-- COLLECTED MATERIAL --
■ ■ ■

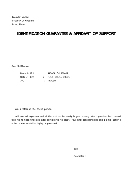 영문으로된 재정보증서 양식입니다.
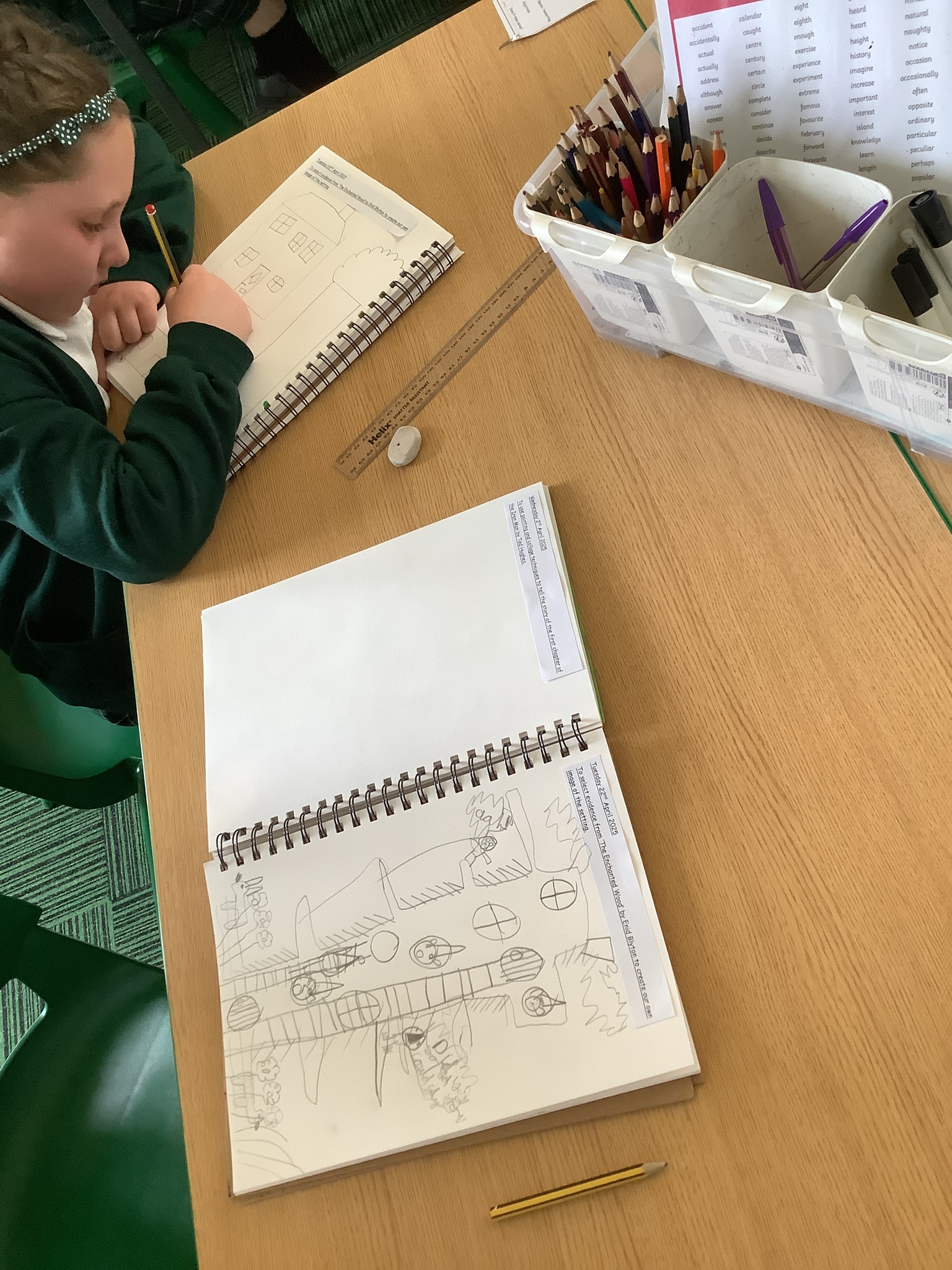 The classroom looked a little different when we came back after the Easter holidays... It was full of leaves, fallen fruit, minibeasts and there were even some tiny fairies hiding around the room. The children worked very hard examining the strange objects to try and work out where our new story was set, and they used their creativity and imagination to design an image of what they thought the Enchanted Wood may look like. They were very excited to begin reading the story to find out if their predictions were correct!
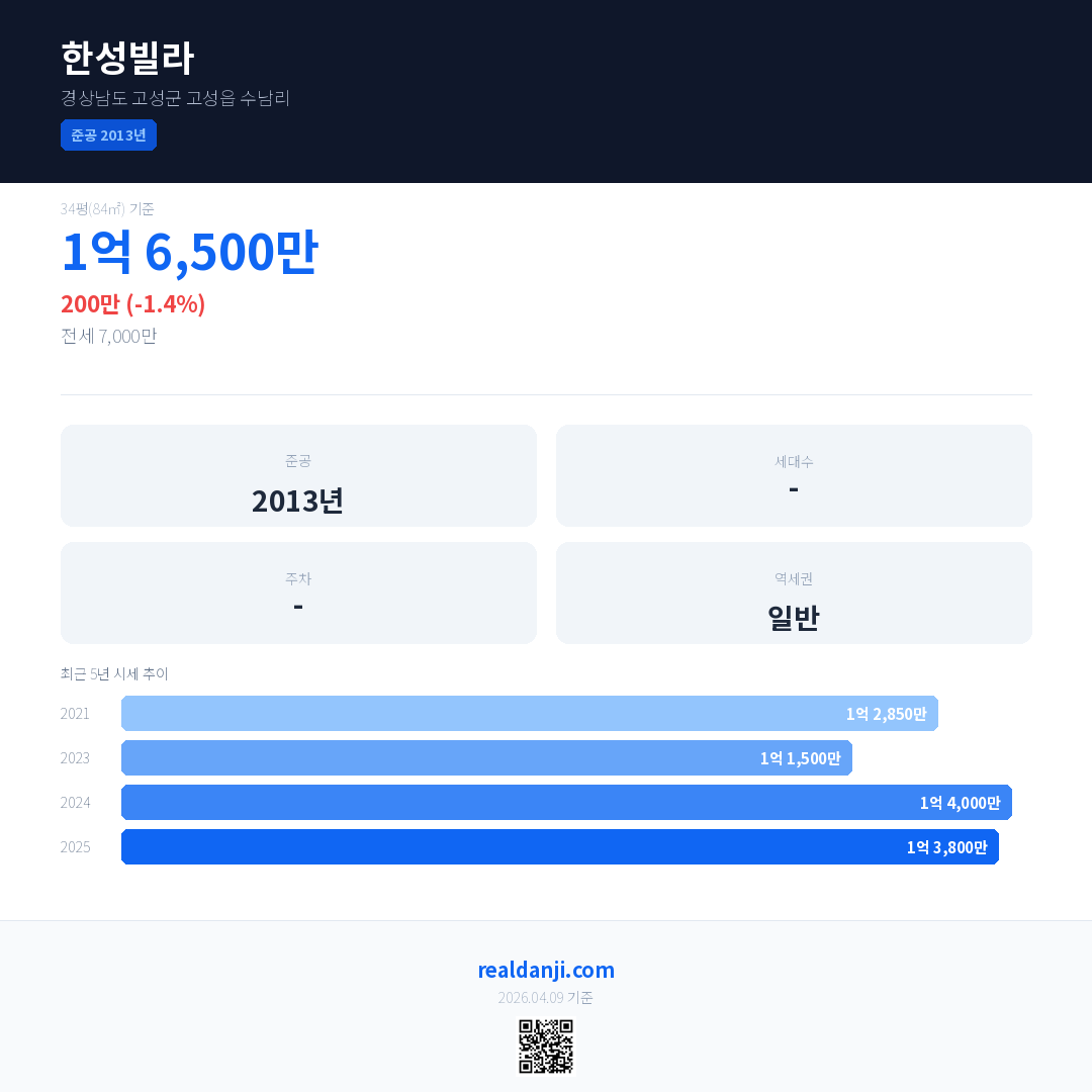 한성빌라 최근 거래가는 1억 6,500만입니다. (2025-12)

■ ■ ■

-- GOAL OF THE EXERCISE --
Could you give back the full listing word for word, leaving out the images?

-- RESPONSE BOX --
 영문으로된 재정보증서 양식입니다.
 The classroom looked a little different when we came back after the Easter holidays... It was full of leaves, fallen fruit, minibeasts and there were even some tiny fairies hiding around the room. The children worked very hard examining the strange objects to try and work out where our new story was set, and they used their creativity and imagination to design an image of what they thought the Enchanted Wood may look like. They were very excited to begin reading the story to find out if their predictions were correct!
 한성빌라 최근 거래가는 1억 6,500만입니다. (2025-12)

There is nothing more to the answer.